§ WORK TO BE COMPLETED
Below are some entries. Repeat exactly the lines from the one with "Gold's daily chart" through the one with "打开Excel表格,选择菜单栏的起头--查找选项卡。", and only those.

§ DATA
^^^^

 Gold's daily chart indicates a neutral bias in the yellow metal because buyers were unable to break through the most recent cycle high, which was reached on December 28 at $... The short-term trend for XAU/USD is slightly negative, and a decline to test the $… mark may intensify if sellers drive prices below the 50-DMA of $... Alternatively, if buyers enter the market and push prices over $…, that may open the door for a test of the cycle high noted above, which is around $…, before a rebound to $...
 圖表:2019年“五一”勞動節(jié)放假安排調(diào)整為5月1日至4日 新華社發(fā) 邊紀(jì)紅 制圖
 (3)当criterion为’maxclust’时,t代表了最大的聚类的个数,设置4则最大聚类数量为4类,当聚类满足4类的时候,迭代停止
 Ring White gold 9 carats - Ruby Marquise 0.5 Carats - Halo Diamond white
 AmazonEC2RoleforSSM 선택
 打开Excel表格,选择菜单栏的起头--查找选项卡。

^^^^

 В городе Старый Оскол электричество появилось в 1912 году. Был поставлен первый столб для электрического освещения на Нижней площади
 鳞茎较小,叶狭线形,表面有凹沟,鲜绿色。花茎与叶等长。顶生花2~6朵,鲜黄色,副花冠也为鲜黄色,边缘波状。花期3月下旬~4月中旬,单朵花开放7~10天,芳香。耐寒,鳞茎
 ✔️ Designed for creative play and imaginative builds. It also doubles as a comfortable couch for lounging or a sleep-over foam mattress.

^^^^

§ TASK RESULT
 Gold's daily chart indicates a neutral bias in the yellow metal because buyers were unable to break through the most recent cycle high, which was reached on December 28 at $... The short-term trend for XAU/USD is slightly negative, and a decline to test the $… mark may intensify if sellers drive prices below the 50-DMA of $... Alternatively, if buyers enter the market and push prices over $…, that may open the door for a test of the cycle high noted above, which is around $…, before a rebound to $...
 圖表:2019年“五一”勞動節(jié)放假安排調(diào)整為5月1日至4日 新華社發(fā) 邊紀(jì)紅 制圖
 (3)当criterion为’maxclust’时,t代表了最大的聚类的个数,设置4则最大聚类数量为4类,当聚类满足4类的时候,迭代停止
 Ring White gold 9 carats - Ruby Marquise 0.5 Carats - Halo Diamond white
 AmazonEC2RoleforSSM 선택
 打开Excel表格,选择菜单栏的起头--查找选项卡。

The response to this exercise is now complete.